[Items from a data source]
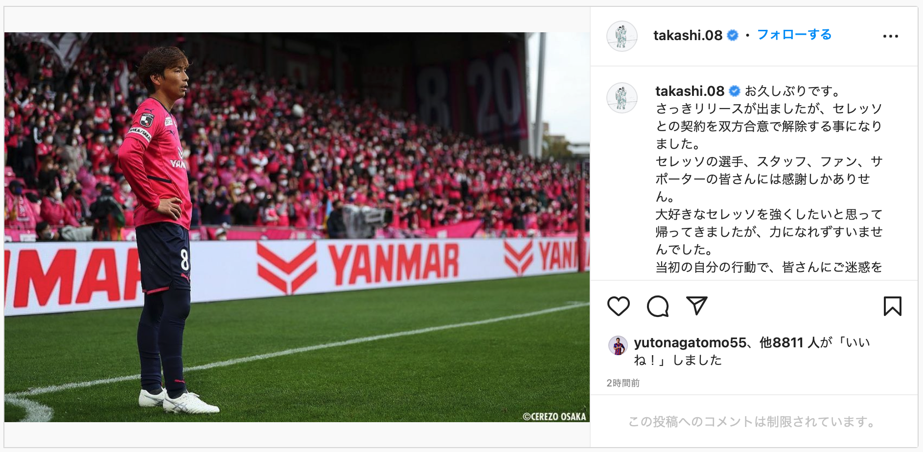 J1・セレッソ大阪は9日、乾貴士選手(34)との契約解除を発表した。乾は4月5日の柏戦で途中交代した際に暴言を吐くなど不満の態度を示した。試合後の話し合いでも反省の態度を見せなかったことから、4月17日の福岡戦から公式戦6試合の出場停止処分を受けた。
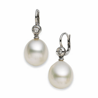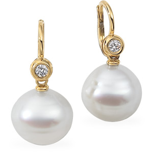 South Sea Cultured Pearl & Diamond Earrings | 14 mm Fine Circle. Available in 18K Yellow Gold or 18K White Gold. Set with 2ea 14.00 MM Fine Undrilled, Cultured Pearl South Sea - Circle Undrilled Paspaley South Sea Pair; Fine Quality; White.
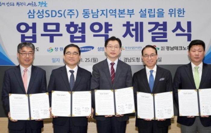 경남 창원시는 ICT 선도 대기업인 삼성SDS㈜와 손을 잡고 스마트 산단 조성에 날개를 달았다.시는 25일 오전 10시 창원 스마트 산단에 '삼성SDS 동남지역본부' 설립을 위한 투자유치 업무협약(MOU)을 체결하고 스마트공장 보급 활성화를 위한 상호 협력체계를 구축했
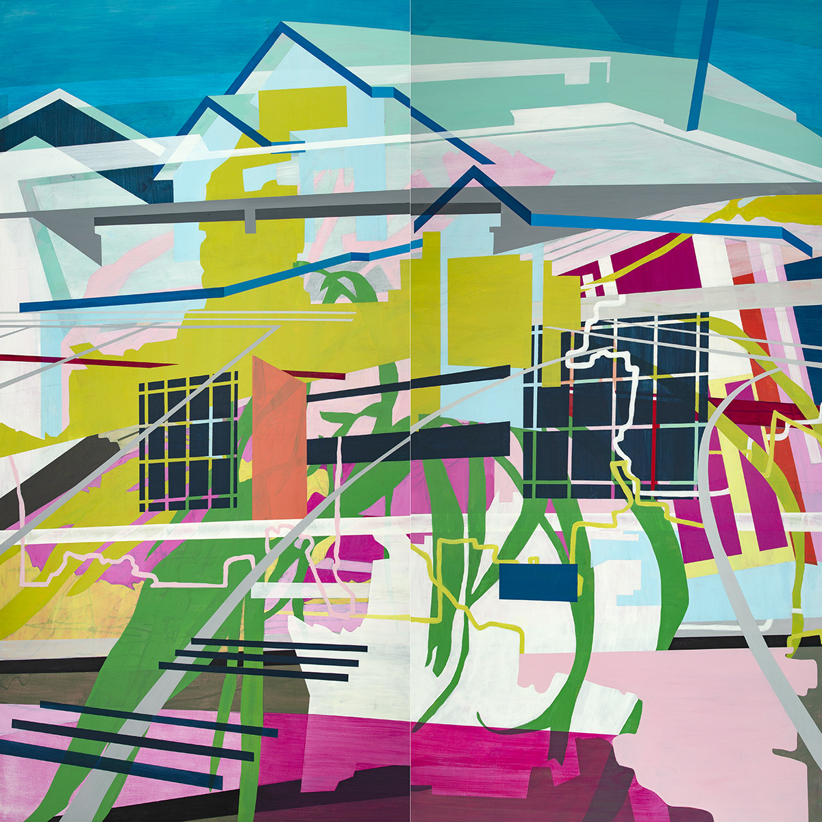 As you look at this painting, you might notice things that look like rooflines, or windows or plants. All those things and many more are in this painting! I believe that who we are as individuals is an accumulation of all these experiences that we’ve had in lots of different places- in houses, schools, churches, backyards, friends’ houses, and so on. To me those experiences are tied to a place; when I think of those memories it’s always based somewhere. I’m including all these fragments from different places in my life, kind of layered on top of each other, to represent or stand in for everything I experienced there. So really I’m trying to visualize this whole messy, complicated history and identity of who I am.
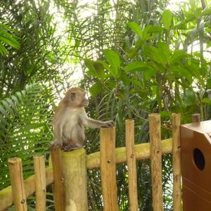そのあと、フィッシングキャットトレイルとレオパードトレイルを周りましたが、レオパードトレイルのマングローブウォークが面白かったです。暗くて入るのは怖いですが、木道によくわからない鳥、手すりに大きな鶏とカモ、その背後の木には大きなコウモリたちがぶら下がっていて、暗闇で近くで見ると怖いです。
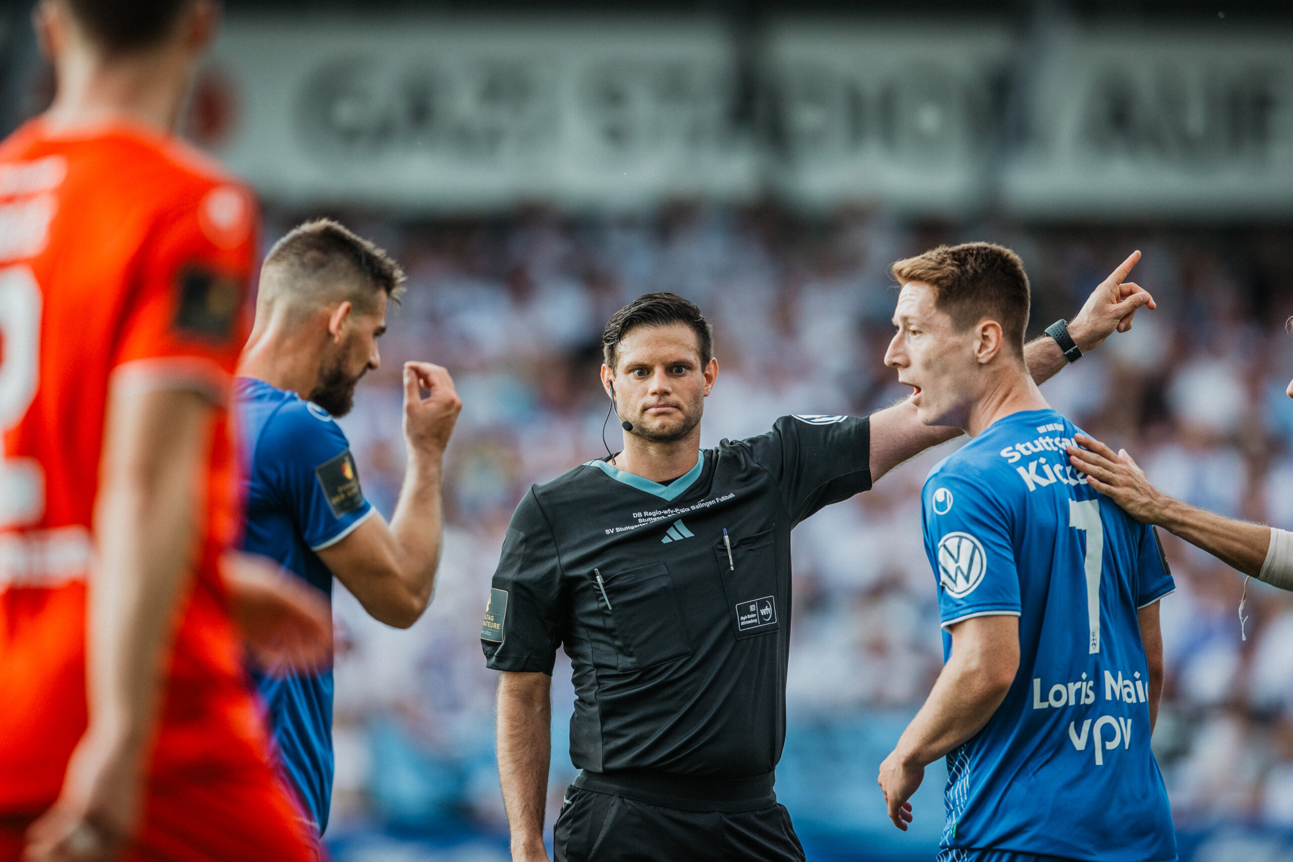 Manuel Bergmann, Schiedsrichter: „Es war ein schönes Gefühl, dieses Spiel zu pfeifen. Das war die größte Kulisse, die ich als Schiedsrichter bisher hatte. Es ging gleich kribbelig los mit der Gelben Karte in der zweiten Minute. Danach war es aber etwas ruhiger, das tat dem Spiel gut. Im Endeffekt war es ein intensives, aber faires Spiel.“ Zum Jahr der Schiedsrichter: „Ich finde das Projekt richtig gut. In der Oberliga oder Regionalliga kommt immer ein Schiedsrichter. Viel wichtiger ist es, die Wertschätzung an der Basis zu steigern. Respekt für alle, die jahrelang in den unteren Ligen pfeifen.“
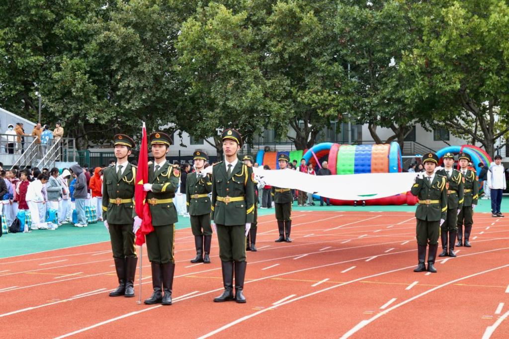 伴随着激昂的进行曲,国旗护卫队迈着铿锵有力的步伐,沿跑道庄严行进至升旗台。队员们动作标准、步调一致,全程姿态挺拔、目光坚定,充分展现出严谨的作风与昂扬的精神面貌。在庄严的国歌声中,升旗手奋力扬起五星红旗,全场人员行注目礼。在嘹亮的国歌声中,五星红旗缓缓升至旗杆顶端,在体育场上空迎风展开。
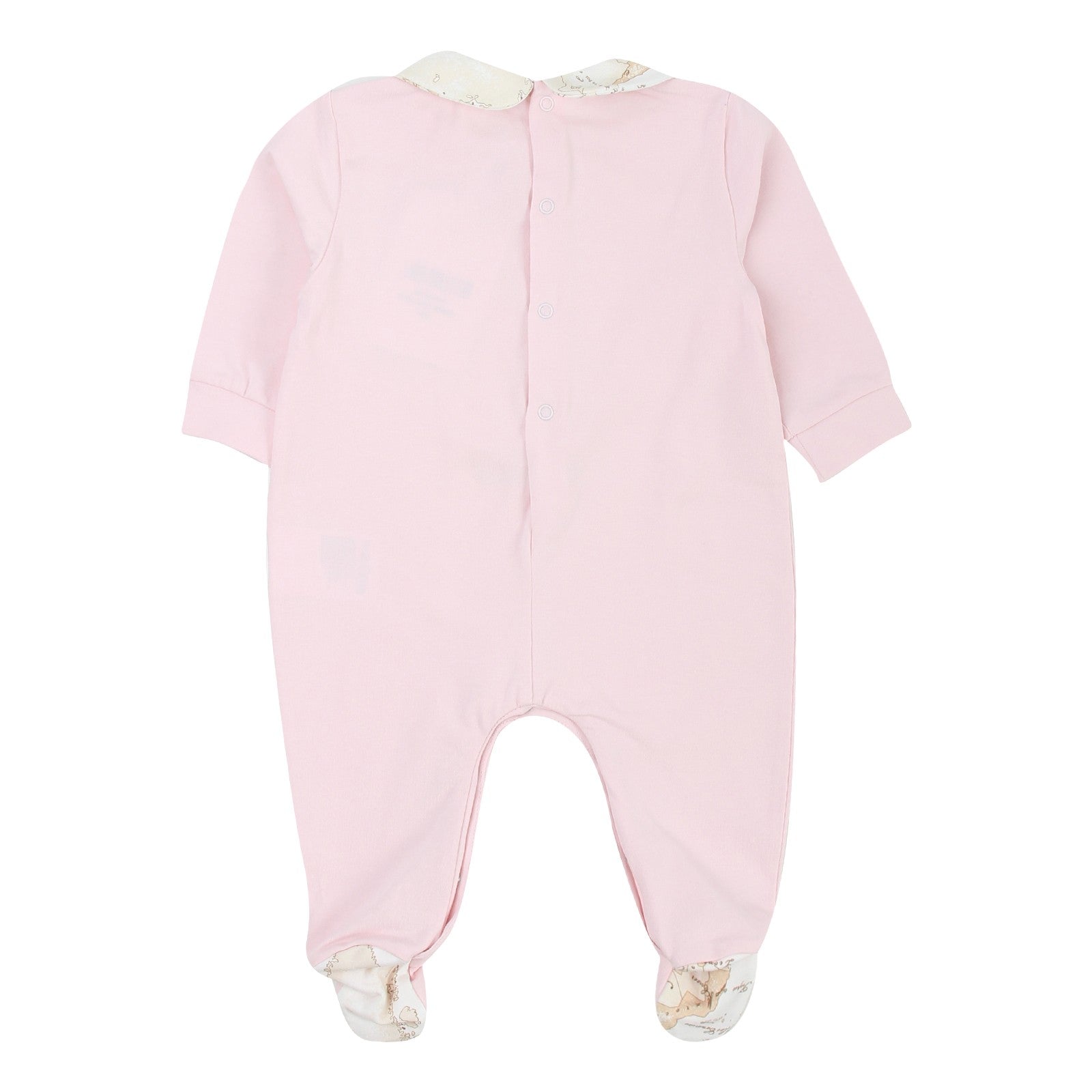 Tutina intera in morbido cotone, di un delicato rosa con colletto ricamo e piedini fantasia Alviero Martini, maniche lunghe e piedini
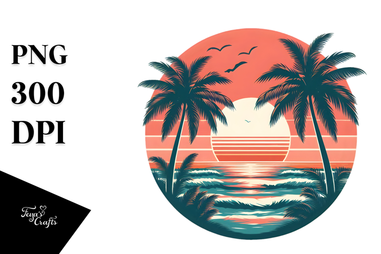 Similar Design Products to Retro Tropical Beach Sunset Clipart PNG

**TASK TO CARRY OUT**
Would you please set down the data above again exactly, without its pictures?

**RESULT OF THIS EXERCISE**
 J1・セレッソ大阪は9日、乾貴士選手(34)との契約解除を発表した。乾は4月5日の柏戦で途中交代した際に暴言を吐くなど不満の態度を示した。試合後の話し合いでも反省の態度を見せなかったことから、4月17日の福岡戦から公式戦6試合の出場停止処分を受けた。
 South Sea Cultured Pearl & Diamond Earrings | 14 mm Fine Circle. Available in 18K Yellow Gold or 18K White Gold. Set with 2ea 14.00 MM Fine Undrilled, Cultured Pearl South Sea - Circle Undrilled Paspaley South Sea Pair; Fine Quality; White.
 경남 창원시는 ICT 선도 대기업인 삼성SDS㈜와 손을 잡고 스마트 산단 조성에 날개를 달았다.시는 25일 오전 10시 창원 스마트 산단에 '삼성SDS 동남지역본부' 설립을 위한 투자유치 업무협약(MOU)을 체결하고 스마트공장 보급 활성화를 위한 상호 협력체계를 구축했
 As you look at this painting, you might notice things that look like rooflines, or windows or plants. All those things and many more are in this painting! I believe that who we are as individuals is an accumulation of all these experiences that we’ve had in lots of different places- in houses, schools, churches, backyards, friends’ houses, and so on. To me those experiences are tied to a place; when I think of those memories it’s always based somewhere. I’m including all these fragments from different places in my life, kind of layered on top of each other, to represent or stand in for everything I experienced there. So really I’m trying to visualize this whole messy, complicated history and identity of who I am.
そのあと、フィッシングキャットトレイルとレオパードトレイルを周りましたが、レオパードトレイルのマングローブウォークが面白かったです。暗くて入るのは怖いですが、木道によくわからない鳥、手すりに大きな鶏とカモ、その背後の木には大きなコウモリたちがぶら下がっていて、暗闇で近くで見ると怖いです。
 Manuel Bergmann, Schiedsrichter: „Es war ein schönes Gefühl, dieses Spiel zu pfeifen. Das war die größte Kulisse, die ich als Schiedsrichter bisher hatte. Es ging gleich kribbelig los mit der Gelben Karte in der zweiten Minute. Danach war es aber etwas ruhiger, das tat dem Spiel gut. Im Endeffekt war es ein intensives, aber faires Spiel.“ Zum Jahr der Schiedsrichter: „Ich finde das Projekt richtig gut. In der Oberliga oder Regionalliga kommt immer ein Schiedsrichter. Viel wichtiger ist es, die Wertschätzung an der Basis zu steigern. Respekt für alle, die jahrelang in den unteren Ligen pfeifen.“
 伴随着激昂的进行曲,国旗护卫队迈着铿锵有力的步伐,沿跑道庄严行进至升旗台。队员们动作标准、步调一致,全程姿态挺拔、目光坚定,充分展现出严谨的作风与昂扬的精神面貌。在庄严的国歌声中,升旗手奋力扬起五星红旗,全场人员行注目礼。在嘹亮的国歌声中,五星红旗缓缓升至旗杆顶端,在体育场上空迎风展开。
 Tutina intera in morbido cotone, di un delicato rosa con colletto ricamo e piedini fantasia Alviero Martini, maniche lunghe e piedini
 Similar Design Products to Retro Tropical Beach Sunset Clipart PNG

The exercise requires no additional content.